Problem details: Using the listing below, print exactly everything from the line with "3)... primer intento" down to the line with "module | |||||||", both included, and nothing more.
(Input material begins)
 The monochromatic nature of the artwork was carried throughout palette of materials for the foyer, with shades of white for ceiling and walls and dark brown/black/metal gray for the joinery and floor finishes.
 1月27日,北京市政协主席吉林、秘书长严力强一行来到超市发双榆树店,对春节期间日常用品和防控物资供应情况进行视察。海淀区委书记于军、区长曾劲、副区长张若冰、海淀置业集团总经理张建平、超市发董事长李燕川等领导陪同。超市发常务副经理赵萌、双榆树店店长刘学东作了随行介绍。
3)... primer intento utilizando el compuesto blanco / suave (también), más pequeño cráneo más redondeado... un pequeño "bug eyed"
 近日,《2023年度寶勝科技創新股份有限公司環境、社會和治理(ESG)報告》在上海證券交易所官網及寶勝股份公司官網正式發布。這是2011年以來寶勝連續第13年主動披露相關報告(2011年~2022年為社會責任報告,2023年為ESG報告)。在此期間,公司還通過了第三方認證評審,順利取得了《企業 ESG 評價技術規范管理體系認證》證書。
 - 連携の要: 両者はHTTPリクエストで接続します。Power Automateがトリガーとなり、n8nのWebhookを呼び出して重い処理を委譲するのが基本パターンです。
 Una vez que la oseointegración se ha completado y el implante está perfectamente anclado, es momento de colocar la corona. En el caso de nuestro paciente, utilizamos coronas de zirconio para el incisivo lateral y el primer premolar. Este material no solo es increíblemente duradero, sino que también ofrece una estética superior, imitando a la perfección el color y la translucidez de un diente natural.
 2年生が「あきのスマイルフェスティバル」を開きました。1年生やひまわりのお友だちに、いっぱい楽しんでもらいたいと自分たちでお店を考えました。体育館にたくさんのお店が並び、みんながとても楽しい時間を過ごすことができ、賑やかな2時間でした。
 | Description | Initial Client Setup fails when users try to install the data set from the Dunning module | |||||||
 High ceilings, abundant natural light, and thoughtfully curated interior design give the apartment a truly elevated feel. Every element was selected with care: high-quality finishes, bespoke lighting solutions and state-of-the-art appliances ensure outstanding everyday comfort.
(Input material ends)
Your solution:
3)... primer intento utilizando el compuesto blanco / suave (también), más pequeño cráneo más redondeado... un pequeño "bug eyed"
 近日,《2023年度寶勝科技創新股份有限公司環境、社會和治理(ESG)報告》在上海證券交易所官網及寶勝股份公司官網正式發布。這是2011年以來寶勝連續第13年主動披露相關報告(2011年~2022年為社會責任報告,2023年為ESG報告)。在此期間,公司還通過了第三方認證評審,順利取得了《企業 ESG 評價技術規范管理體系認證》證書。
 - 連携の要: 両者はHTTPリクエストで接続します。Power Automateがトリガーとなり、n8nのWebhookを呼び出して重い処理を委譲するのが基本パターンです。
 Una vez que la oseointegración se ha completado y el implante está perfectamente anclado, es momento de colocar la corona. En el caso de nuestro paciente, utilizamos coronas de zirconio para el incisivo lateral y el primer premolar. Este material no solo es increíblemente duradero, sino que también ofrece una estética superior, imitando a la perfección el color y la translucidez de un diente natural.
 2年生が「あきのスマイルフェスティバル」を開きました。1年生やひまわりのお友だちに、いっぱい楽しんでもらいたいと自分たちでお店を考えました。体育館にたくさんのお店が並び、みんながとても楽しい時間を過ごすことができ、賑やかな2時間でした。
 | Description | Initial Client Setup fails when users try to install the data set from the Dunning module | |||||||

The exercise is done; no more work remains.